[EXERCISE INPUT Boundary: Start]

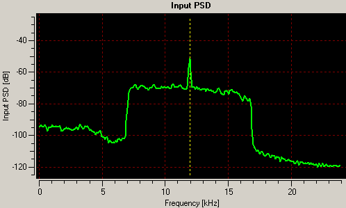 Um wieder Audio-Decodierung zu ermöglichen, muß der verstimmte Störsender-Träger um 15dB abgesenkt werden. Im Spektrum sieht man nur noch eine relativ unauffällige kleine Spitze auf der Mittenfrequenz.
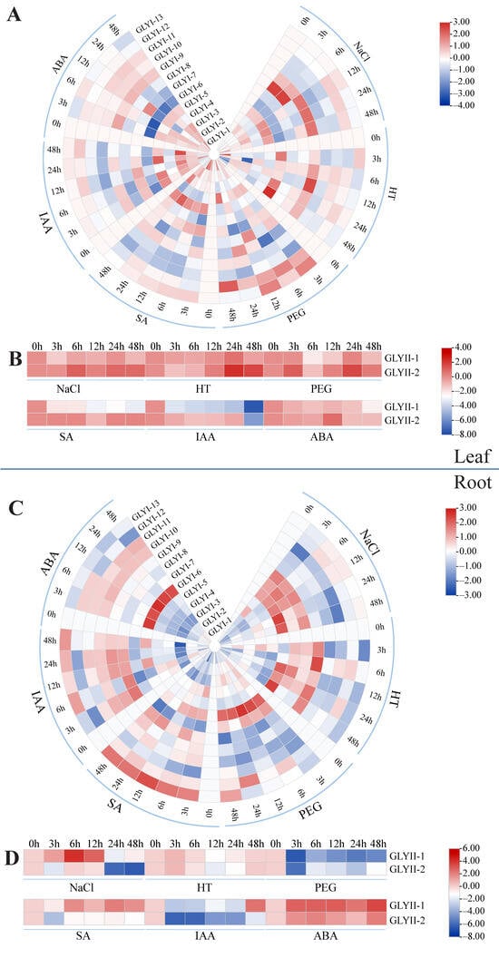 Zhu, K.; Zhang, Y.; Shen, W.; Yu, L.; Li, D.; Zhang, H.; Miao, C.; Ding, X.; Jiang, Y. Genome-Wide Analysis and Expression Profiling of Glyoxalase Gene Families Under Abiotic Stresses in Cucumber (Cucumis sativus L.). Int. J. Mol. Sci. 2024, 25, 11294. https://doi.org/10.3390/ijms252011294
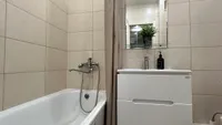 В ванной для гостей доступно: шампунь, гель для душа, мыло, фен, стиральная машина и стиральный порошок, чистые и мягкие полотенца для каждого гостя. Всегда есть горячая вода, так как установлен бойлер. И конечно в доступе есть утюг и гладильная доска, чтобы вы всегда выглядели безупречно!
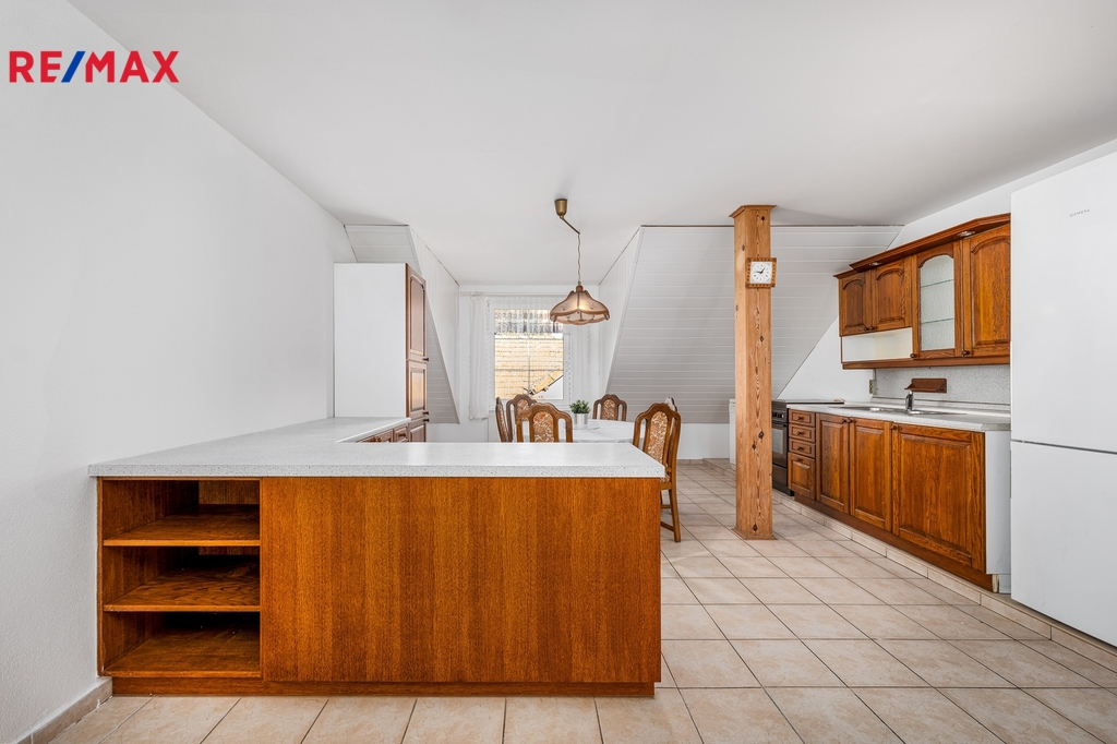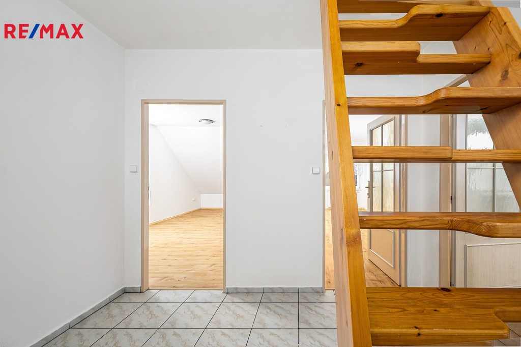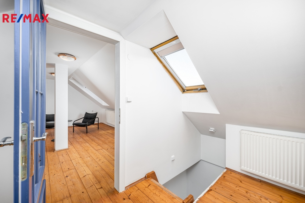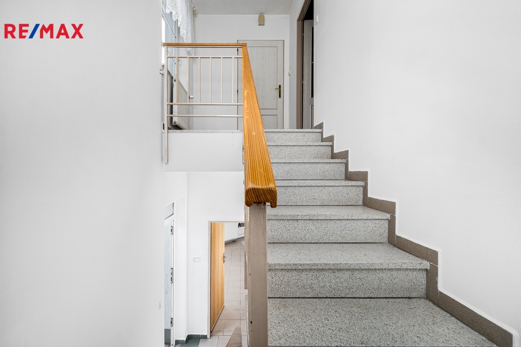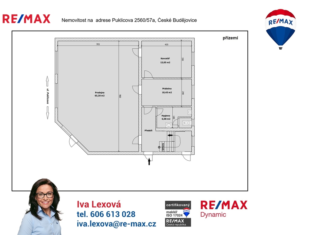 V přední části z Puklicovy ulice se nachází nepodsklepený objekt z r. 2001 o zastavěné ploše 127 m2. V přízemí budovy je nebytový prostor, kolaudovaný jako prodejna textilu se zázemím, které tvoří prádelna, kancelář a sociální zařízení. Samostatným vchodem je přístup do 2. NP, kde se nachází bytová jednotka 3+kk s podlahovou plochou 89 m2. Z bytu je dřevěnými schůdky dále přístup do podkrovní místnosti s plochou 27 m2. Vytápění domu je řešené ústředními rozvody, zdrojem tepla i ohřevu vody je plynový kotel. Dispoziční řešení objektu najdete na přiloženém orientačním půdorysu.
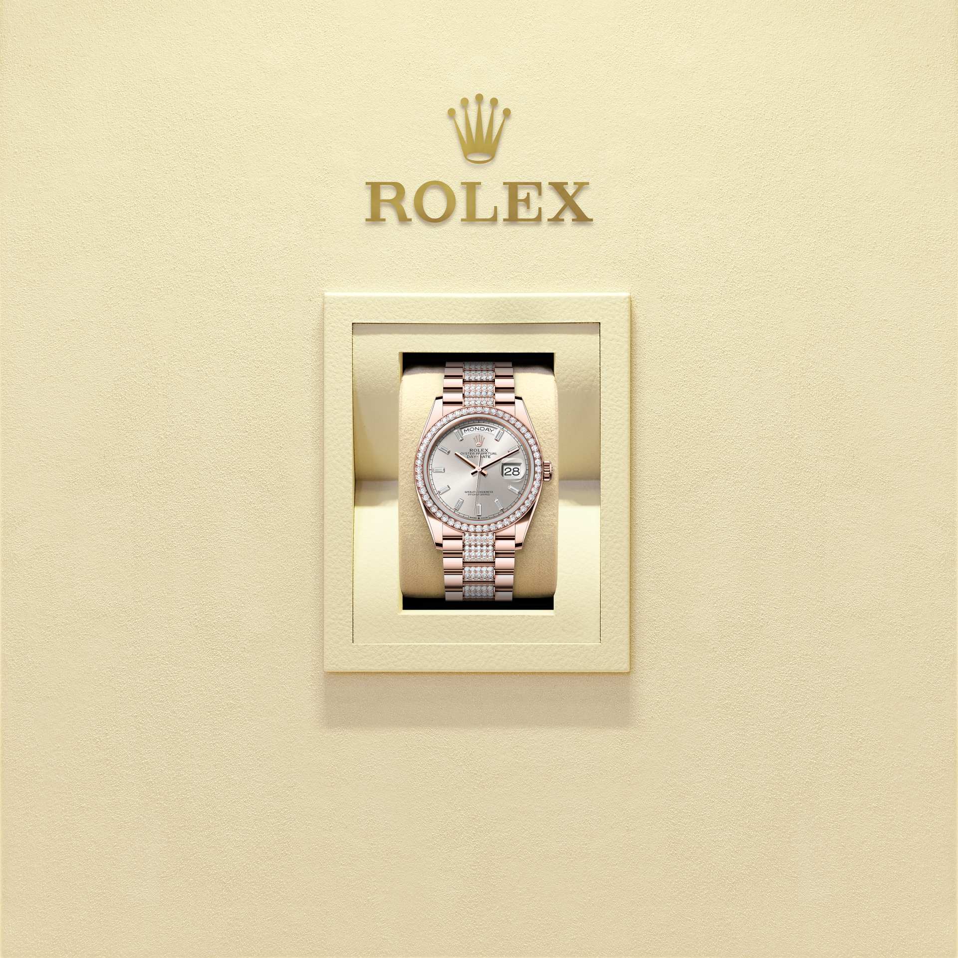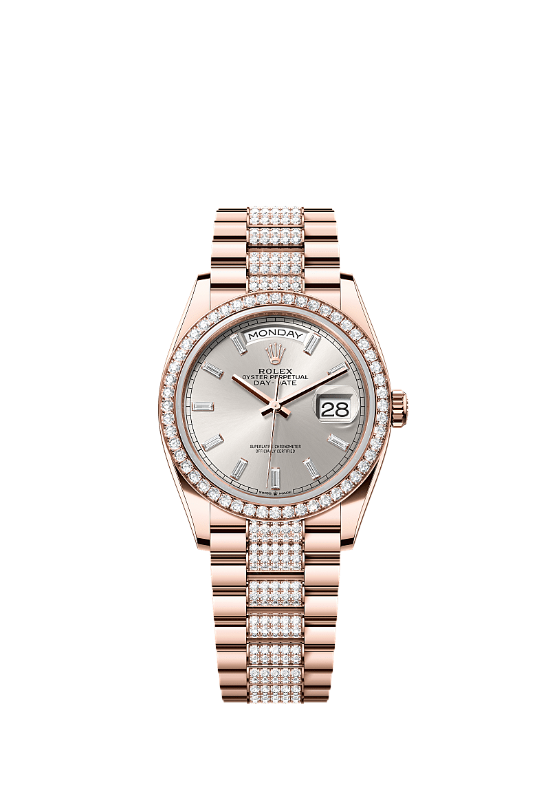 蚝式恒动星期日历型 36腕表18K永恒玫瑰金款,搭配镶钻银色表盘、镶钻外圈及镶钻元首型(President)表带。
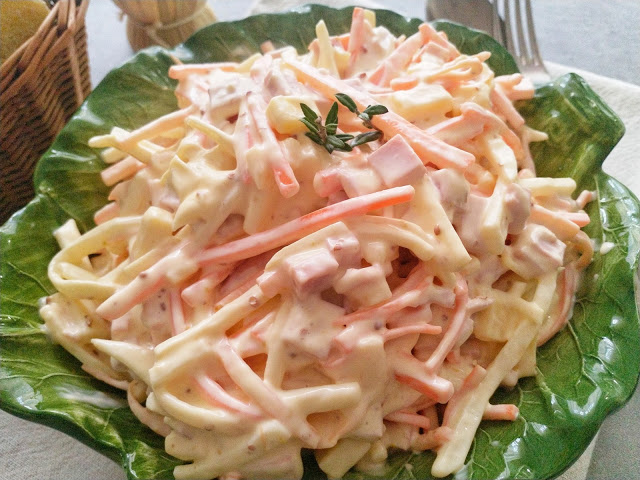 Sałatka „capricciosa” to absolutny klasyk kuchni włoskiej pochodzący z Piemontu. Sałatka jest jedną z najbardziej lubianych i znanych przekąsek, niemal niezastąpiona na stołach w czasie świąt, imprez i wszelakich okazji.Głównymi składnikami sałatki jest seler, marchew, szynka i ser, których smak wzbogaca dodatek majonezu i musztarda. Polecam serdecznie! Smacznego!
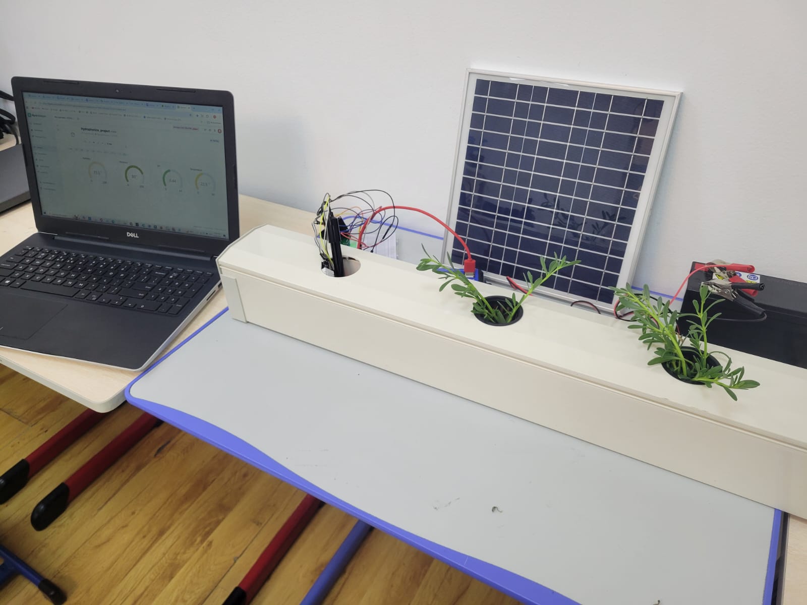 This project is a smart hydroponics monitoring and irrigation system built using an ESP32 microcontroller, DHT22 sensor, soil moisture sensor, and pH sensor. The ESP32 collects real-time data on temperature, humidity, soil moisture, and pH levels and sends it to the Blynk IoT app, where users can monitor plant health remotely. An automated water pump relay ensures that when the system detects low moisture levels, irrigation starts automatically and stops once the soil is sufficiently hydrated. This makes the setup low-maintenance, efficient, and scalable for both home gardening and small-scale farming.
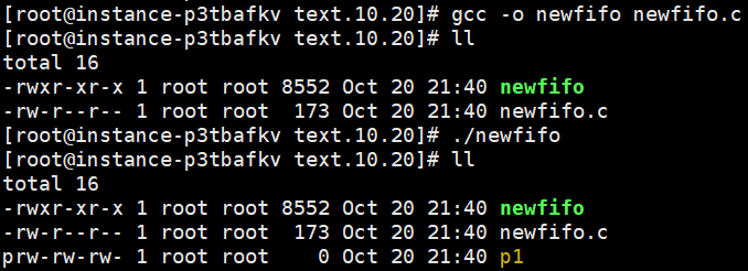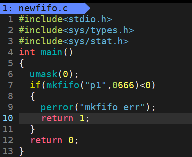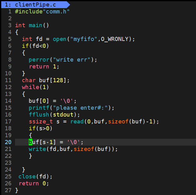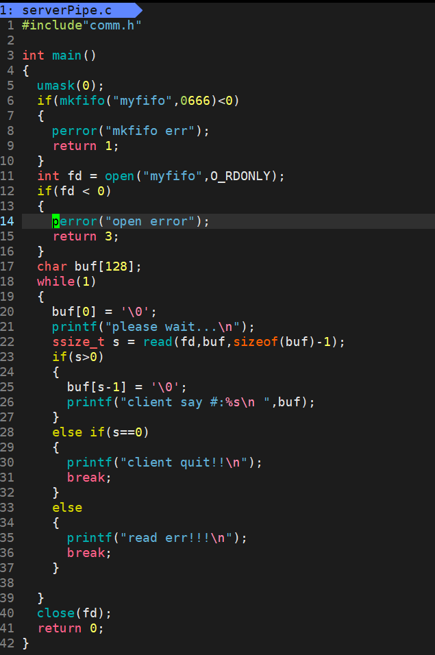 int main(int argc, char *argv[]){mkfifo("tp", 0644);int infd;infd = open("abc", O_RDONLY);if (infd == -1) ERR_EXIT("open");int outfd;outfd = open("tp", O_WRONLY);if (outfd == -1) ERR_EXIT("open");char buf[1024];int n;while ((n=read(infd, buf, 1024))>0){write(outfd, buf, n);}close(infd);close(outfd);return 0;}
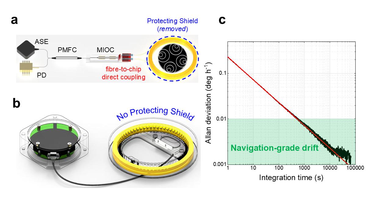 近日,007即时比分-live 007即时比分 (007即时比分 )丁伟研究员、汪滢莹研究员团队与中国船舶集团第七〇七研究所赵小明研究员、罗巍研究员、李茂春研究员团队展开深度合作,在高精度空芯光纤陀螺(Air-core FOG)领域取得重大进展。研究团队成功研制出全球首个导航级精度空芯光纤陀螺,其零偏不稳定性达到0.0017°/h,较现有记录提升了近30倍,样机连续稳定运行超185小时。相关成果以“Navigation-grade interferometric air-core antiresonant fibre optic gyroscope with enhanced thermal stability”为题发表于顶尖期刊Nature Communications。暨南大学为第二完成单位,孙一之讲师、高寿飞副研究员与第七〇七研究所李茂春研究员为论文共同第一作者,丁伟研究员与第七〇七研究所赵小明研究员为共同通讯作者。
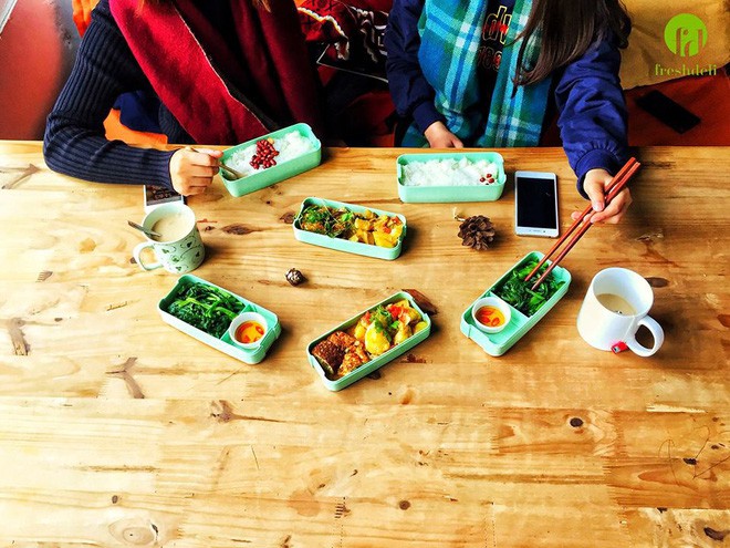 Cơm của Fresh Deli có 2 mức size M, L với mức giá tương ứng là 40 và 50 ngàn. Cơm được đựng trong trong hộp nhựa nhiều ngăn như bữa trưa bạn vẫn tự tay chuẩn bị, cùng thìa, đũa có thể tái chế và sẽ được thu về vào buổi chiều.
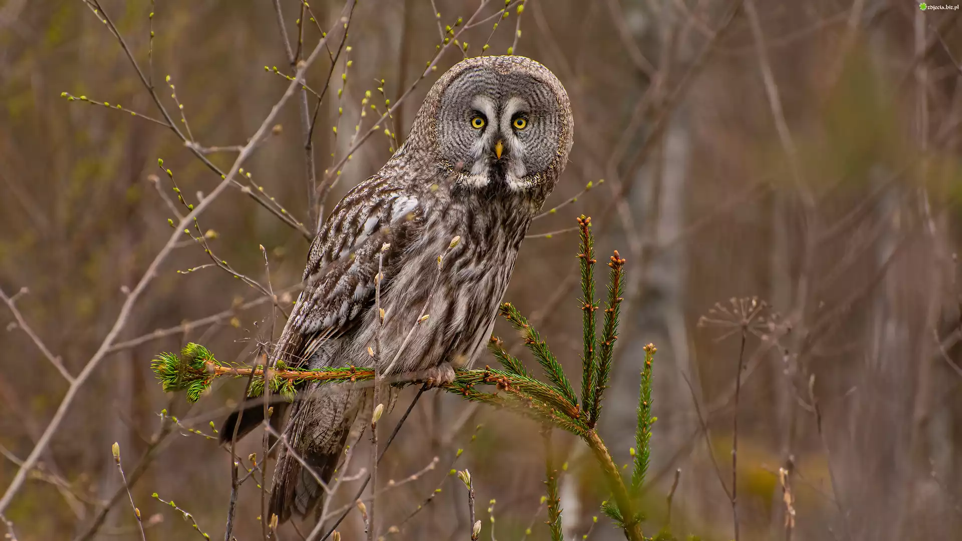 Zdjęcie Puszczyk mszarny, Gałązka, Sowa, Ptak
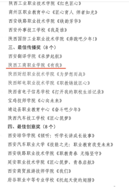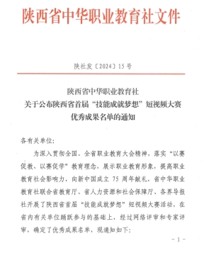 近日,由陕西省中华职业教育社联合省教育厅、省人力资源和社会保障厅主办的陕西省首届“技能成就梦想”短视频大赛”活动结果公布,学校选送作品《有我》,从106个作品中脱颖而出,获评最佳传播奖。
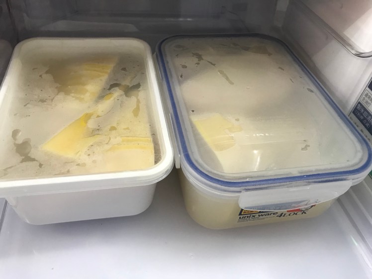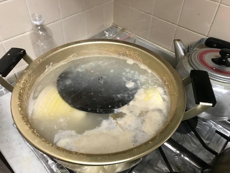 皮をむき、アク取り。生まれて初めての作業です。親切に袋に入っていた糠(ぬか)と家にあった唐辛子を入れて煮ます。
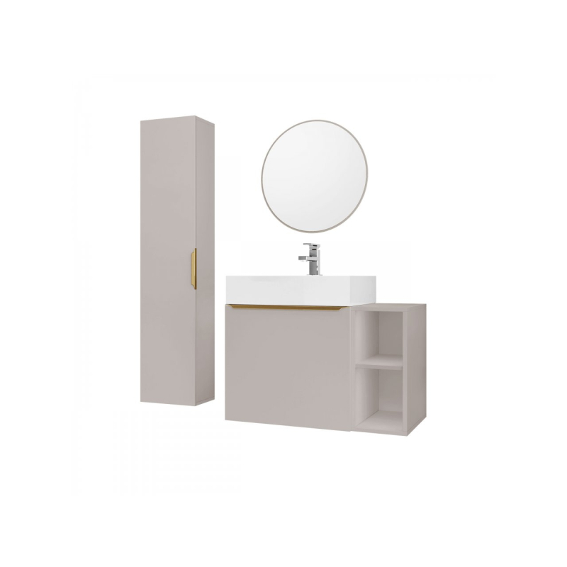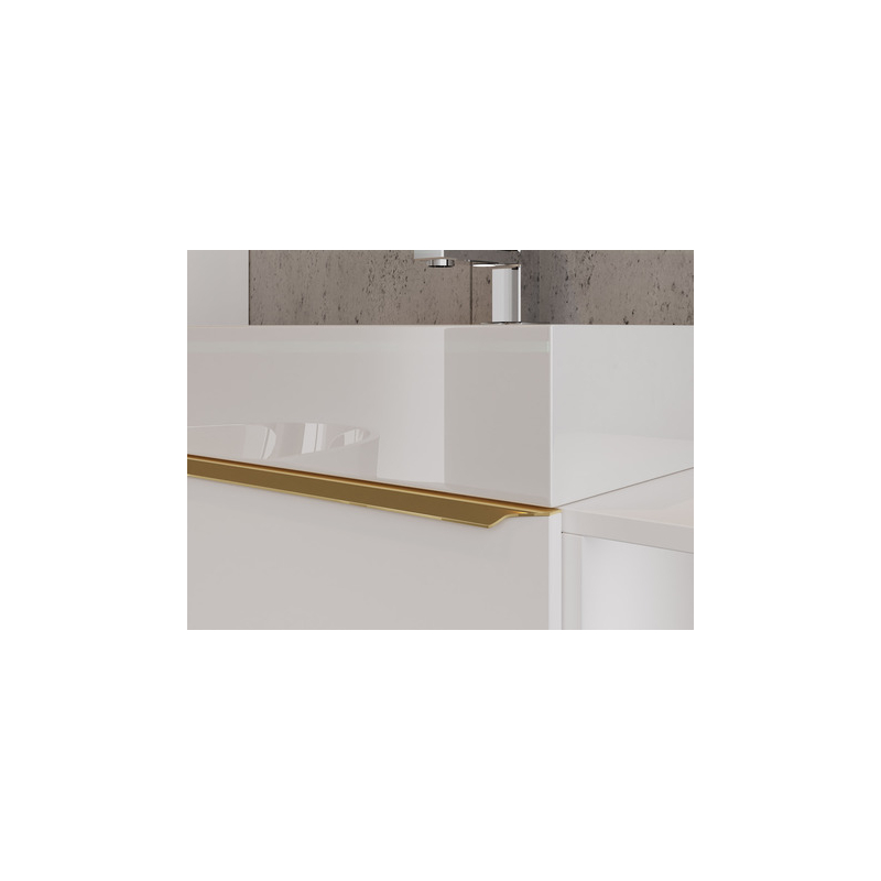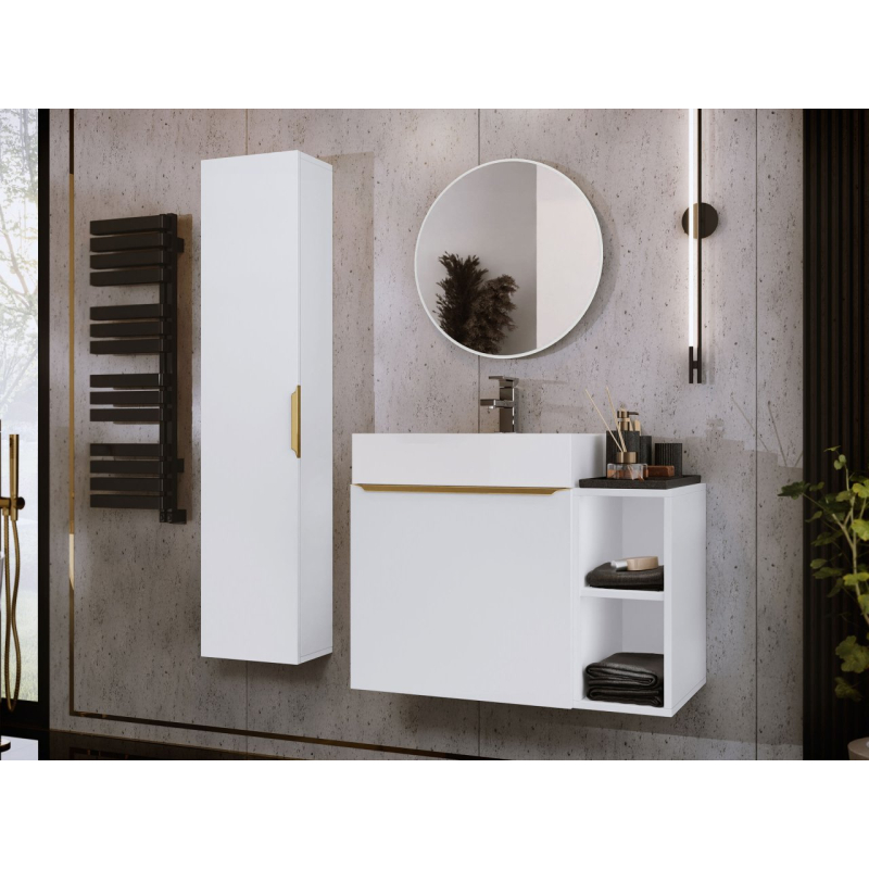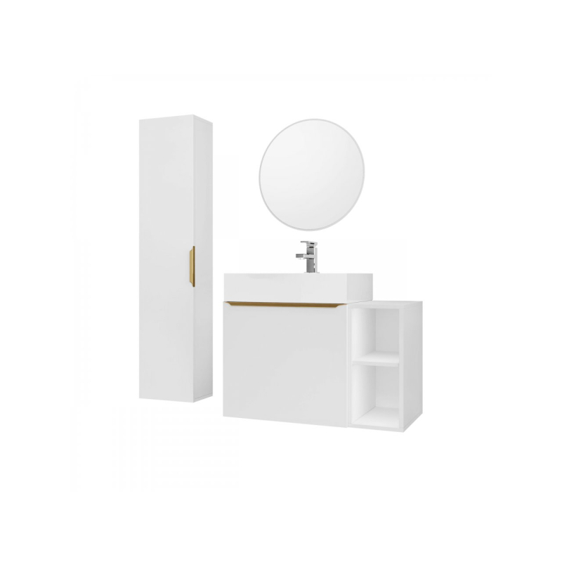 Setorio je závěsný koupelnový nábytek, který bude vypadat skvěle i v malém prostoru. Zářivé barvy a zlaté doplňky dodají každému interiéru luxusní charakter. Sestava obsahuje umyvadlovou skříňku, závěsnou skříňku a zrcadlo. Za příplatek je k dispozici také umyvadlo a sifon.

[EXERCISE INPUT Boundary: End]

WHAT TO DO: Exactly the lines starting at the one above with "Zhu, K.; Zhang, Y.;" and ending at the one with "В ванной для" should be printed, and nothing else. Omit the pictures.

SOLUTION:
 Zhu, K.; Zhang, Y.; Shen, W.; Yu, L.; Li, D.; Zhang, H.; Miao, C.; Ding, X.; Jiang, Y. Genome-Wide Analysis and Expression Profiling of Glyoxalase Gene Families Under Abiotic Stresses in Cucumber (Cucumis sativus L.). Int. J. Mol. Sci. 2024, 25, 11294. https://doi.org/10.3390/ijms252011294
 В ванной для гостей доступно: шампунь, гель для душа, мыло, фен, стиральная машина и стиральный порошок, чистые и мягкие полотенца для каждого гостя. Всегда есть горячая вода, так как установлен бойлер. И конечно в доступе есть утюг и гладильная доска, чтобы вы всегда выглядели безупречно!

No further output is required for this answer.